BEGIN DATA EXCERPT

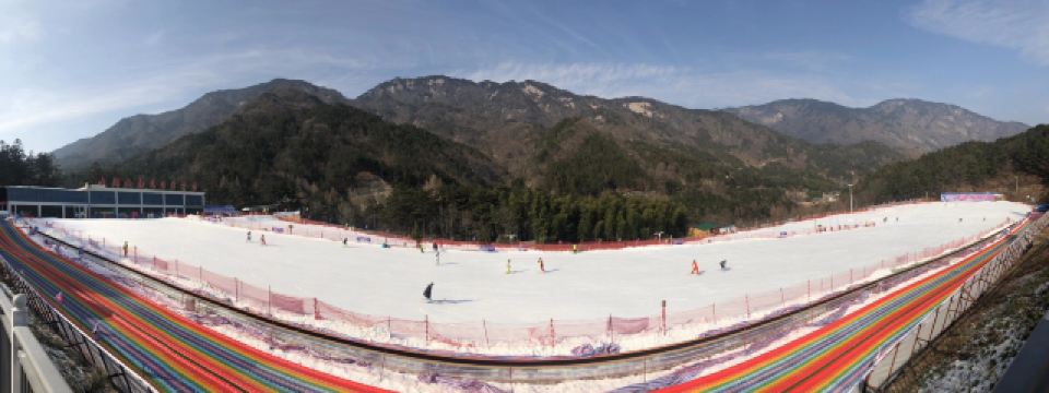 湖北英山南武当滑雪场位于大别山主峰南武当风景区腹地,海拔高度1729.13米,森林茂密、山峦起伏。滑雪场开设了雪地摩托车、冰上自行车、雪地主战坦克、雪地悠悠球、雪地碰碰车、雪地卡丁车等丰富多彩的雪上项目,建有初级道、中级道、娱雪区等,配套完善,是一个集户外滑雪、观光游览、休息度假、户外探险为一体的综合性旅游胜地。
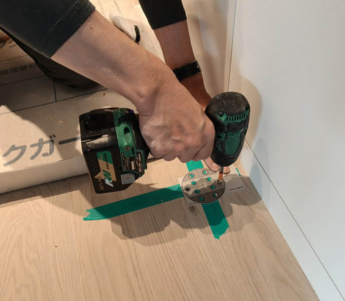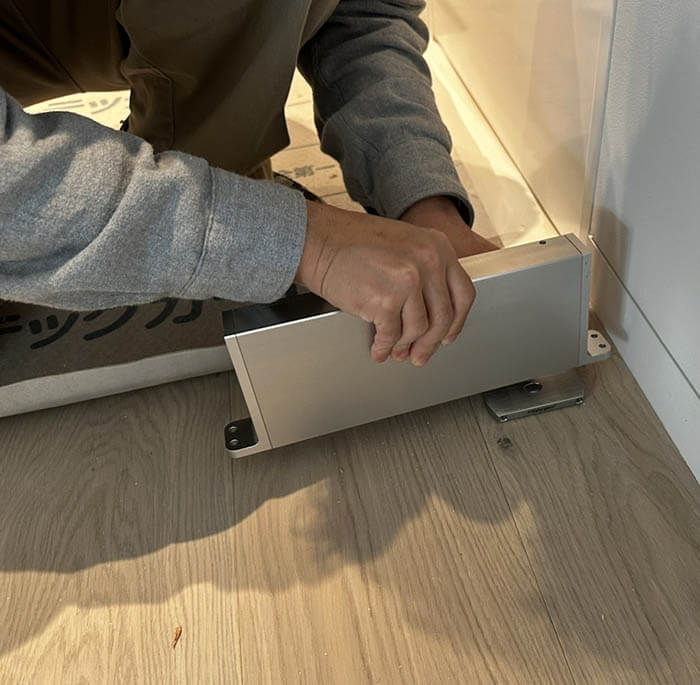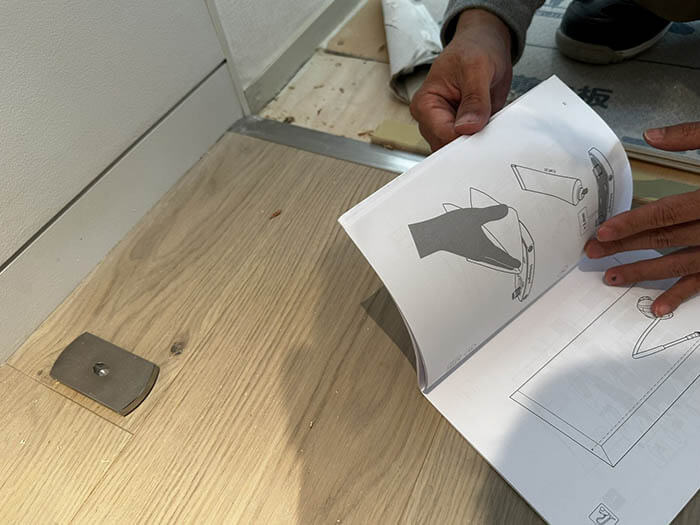 事前に床につけておくのは、このようなシンプルな軸受け金物だけとなります。
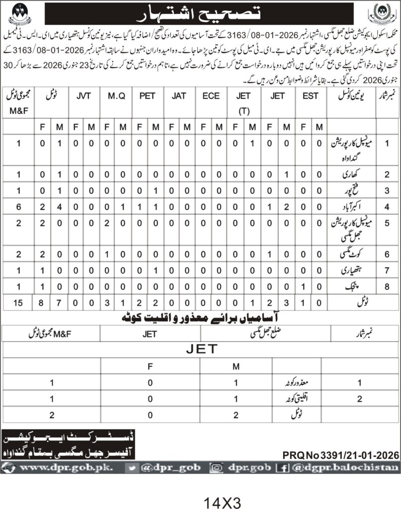 Correction Notice for Elementary School Teacher Position in Jaffarabad District
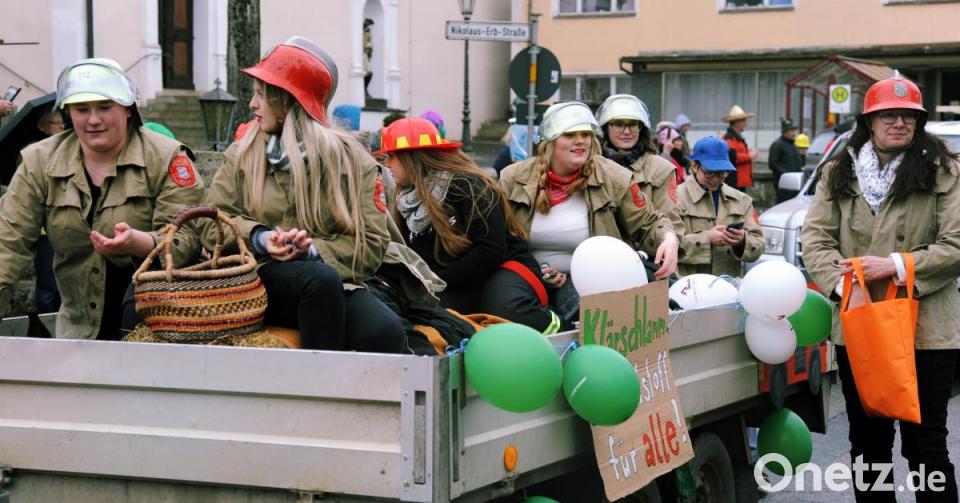In der uralten Kutsche kuschelten sich Seine Tollität Kinderprinz Ludwig I. und Ihre Lieblichkeit Emma I. zusammen, während sich draußen die Garde tanzend warmhielt. Dass die Brücke über die Lauterach nicht mehr lange hält, wurde auf einem Motivwagen prophezeit. Die Hohenburger planen deshalb schon mal eine Fähre, die den Verkehr übers Wasser bringt. In Hohenburg hängen an Weihnachten am Christbaum vor dem Rathaus glitzernde Kugeln, für Ostern ist der Osterschmuck vorgesehen. Und die Narren dekorierten ihn dazwischen zum Faschingsbaum um, während ein fast nadelloses Prunkstück einen Prunkwagen zierte. Die künftigen Feuerwehrfestdamen besetzten ihren Klärschlamm, während die Hohenburger Marktweiber mit reichlich Grünzeug für ihren Marktladen Werbung machten.

END DATA EXCERPT

§ ASSIGNED TASK
Above, find the line holding "事前に床につけておくのは、このようなシンプルな軸受け金物だけとなります。" and the line holding "Correction Notice for". Print exactly those two lines and every line between them, but no pictures.

§ OUTPUT BELOW
 事前に床につけておくのは、このようなシンプルな軸受け金物だけとなります。
 Correction Notice for Elementary School Teacher Position in Jaffarabad District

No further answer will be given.